2. The file path this can be used to detect, for example, a DAP url
versus a normal file system file.
When adding a new dispatcher, it is necessary to modify NC_create and
NC_open in libdispatch/dfile.c to detect when it is appropriate to
use the NCM dispatcher. Some possibilities are as follows.
- Add a new mode flag: say NC_NETCDFM.
- Define a special file path format that indicates the need to use a
special dispatch table.
\section special_dispatch Special Dispatch Table Signatures.
Several of the entries in the dispatch table are significantly
different than those of the external API.

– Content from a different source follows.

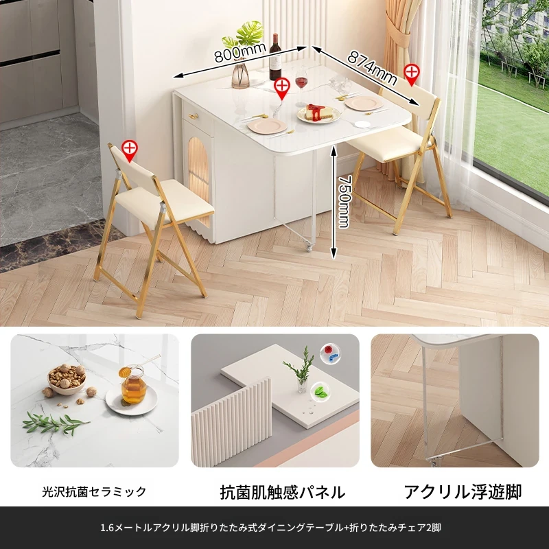 1.6メートル折りたたみダイニングテーブル アクリル脚+暖白色の折りたたみ椅子*2

\subsection create_open_dispatch Create/Open
The create table entry and the open table entry in the dispatch table
have the following signatures respectively.
\code
int (*create)(const char *path, int cmode,
size_t initialsz, int basepe, size_t *chunksizehintp,
int useparallel, void* parameters,
struct NC_Dispatch* table, NC* ncp);
\endcode
\code
int (*open)(const char *path, int mode,
int basepe, size_t *chunksizehintp,
int use_parallel, void* parameters,
struct NC_Dispatch* table, NC* ncp);
\endcode
The key difference is that these are the union of all the possible
create/open signatures from the include/netcdfXXX.h files. Note especially the last
three parameters. The parameters argument is a pointer to arbitrary data
to provide extra info to the dispatcher.
The table argument is included in case the create
function (e.g. NCM_create) needs to invoke other dispatch
functions. The very last argument, ncp, is a pointer to an NC
instance. The raw NC instance will have been created by libdispatch/dfile.c
and is passed to e.g. open with the expectation that it will be filled in
by the dispatch open function.
\page put_vara_dispatch Accessing Data with put_vara() and get_vara()
\code
int (*put_vara)(int ncid, int varid, const size_t *start, const size_t *count,
const void *value, nc_type memtype);
\endcode
\code
int (*get_vara)(int ncid, int varid, const size_t *start, const size_t *count,
void *value, nc_type memtype);
\endcode
Most of the parameters are similar to the netcdf API parameters. The
last parameter, however, is the type of the data in
memory. Additionally, instead of using an "int islong" parameter, the
memtype will be either ::NC_INT or ::NC_INT64, depending on the value
of sizeof(long). This means that even netcdf-3 code must be prepared
to encounter the ::NC_INT64 type.
\page put_attr_dispatch Accessing Attributes with put_attr() and get_attr()
\code
int (*get_att)(int ncid, int varid, const char *name,
void *value, nc_type memtype);
\endcode
\code
int (*put_att)(int ncid, int varid, const char *name, nc_type datatype, size_t len,
const void *value, nc_type memtype);
\endcode
Again, the key difference is the memtype parameter. As with
put/get_vara, it used ::NC_INT64 to encode the long case.
*/